Pour se faire une idée du controle au faciès, errer dans la gare RER/Metro de la défense me semble intéressant et suffisant.
Rien que l’idée même du procès pour un motif si futile me semble contraire à la séparation des pouvoirs qui est un fondement de la démocratie et la racine de l’état de droit.
Cela n’est surement pas sans heurs, ni sans dérives mais les dérives contraires me semblent bien plus dangereuses.
Il me semble malheureusement que l’on soit dans des temps où les frontières se troublent et où l’arbitraire des politiques veut l’emporter.
( et pourquoi pas une unité nationale autour de la guerre en afghanistan tant que l’on y est ? à la facon des bushistes ou du big brother de 1984 )

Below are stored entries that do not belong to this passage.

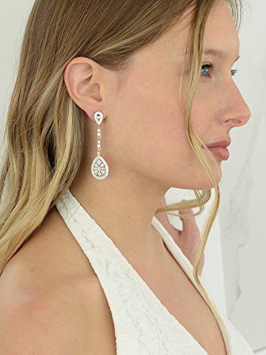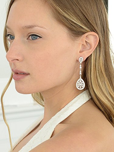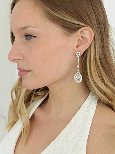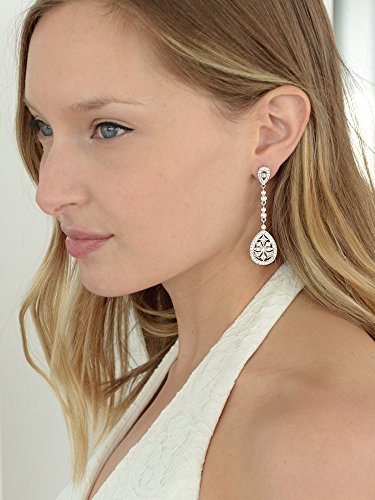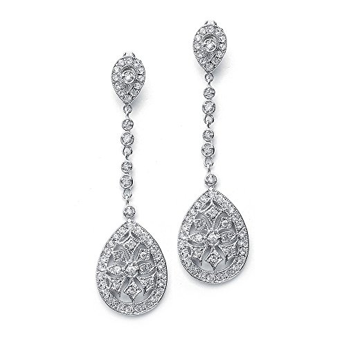 Mariell's dramatic Art Deco wedding earrings will bring glamorous vintage styling to your bridal, bridesmaids or any special occasion gown. We love the timeless elegance of these classic 1920's-inspired chandeliers. Their sleek linear silhouette with meticulously etched pave teardrop sparkle with Genuine Cubic Zirconia. These timeless pear-shaped wedding earrings have the unmistakable look of priceless heirloom jewelry. Make an unforgettable grand entrance in these jewel-encrusted antique dangles measuring 2 1/2" h. After the big day, wear these versatile chandelier earrings for a night on the town or romantic candlelight dinner. Add a fabulous splash of bling to your everyday wardrobe with these versatile faux marcasite favorites. With AAAAA CZ gems and Genuine Platinum plating, these beauties have the look of fine jewelry at a fraction of the cost. Mariell's unconditional Lifetime Guarantee, our lustrous stunners will become a treasured addition to your jewelry collection for years to come. We promise you'll adore these top selling gatsby-style earrings or your Money-Back. Treat yourself or someone you love to some seriously gorgeous sparkle with the look of priceless estate jewelry at a fabulous low price. As always, enjoy Mariell's exclusive 100% Risk-Free Purchase and Lifetime Guarantee.Feature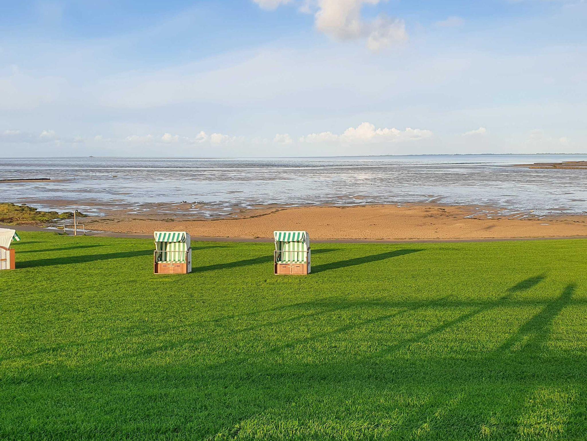 Charmantes Kapitänshuus auf Nordstrand mit Deichblick, romantischem Flair und stilvoller Ausstattung für entspannte Nordseeferien.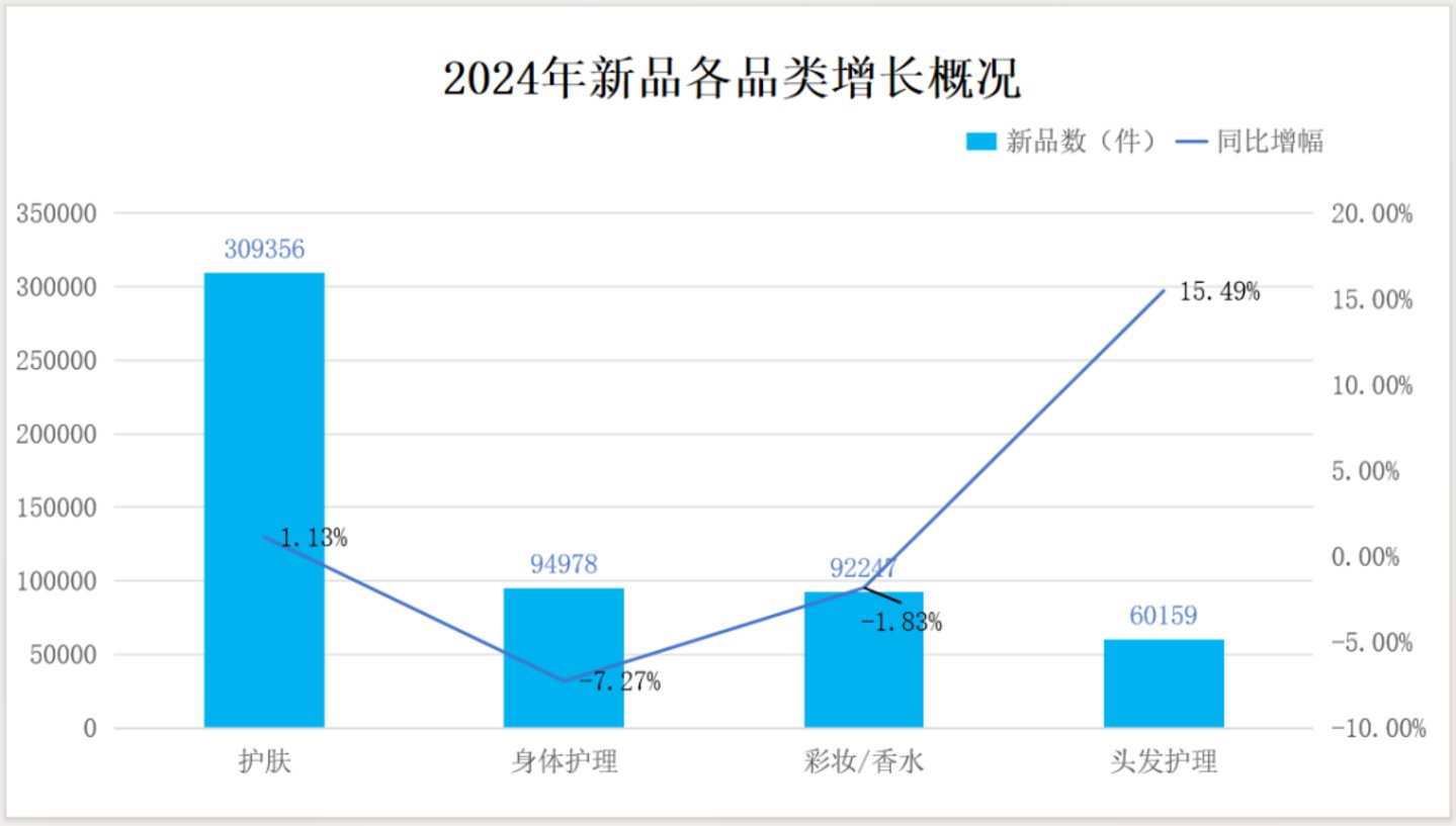 纵观整个2024年化妆品备案大盘,护肤品类占主导地位,新品数高达30万+,同比微增1.13%。

En réalité, la cour d’appel s’était mélangée les pinceaux. Elle a confondu l’exceptio veritatis (l’accusé est relaxé s’il a pu prouvé la réalité des faits diffamatoires) avec l’exception de bonne foi. Celle-ci suppose la réunion de plusieurs éléments : la poursuite d’un but légitime, l’absence d’animosité personnelle, la prudence dans l’expression et l’objectivité (le sérieux de l’enquête appréciée différemment selon le genre de l’écrit). Mais il est vrai qu’il est peut être tentant, et plus facile pour un juge, de fonder le sérieux de l’enquête sur la véracité des faits. Le sérieux de l’enquête est du ressort des moyens employés par l’auteur pour affirmer les faits de "contrôle au faciès" et non pas de leur résultat (la réalité des faits). la cour a du penser que le caractère sérieux de l’enquête pouvait être déduits des seuls faits établis.
La cour d’appel de renvoi devra donc se pencher à nouveau sur le dernier élément de l’exception de bonne foi, le caractère objectif, ou sérieux de l’enquête. On n’est pas sorti de l’auberge.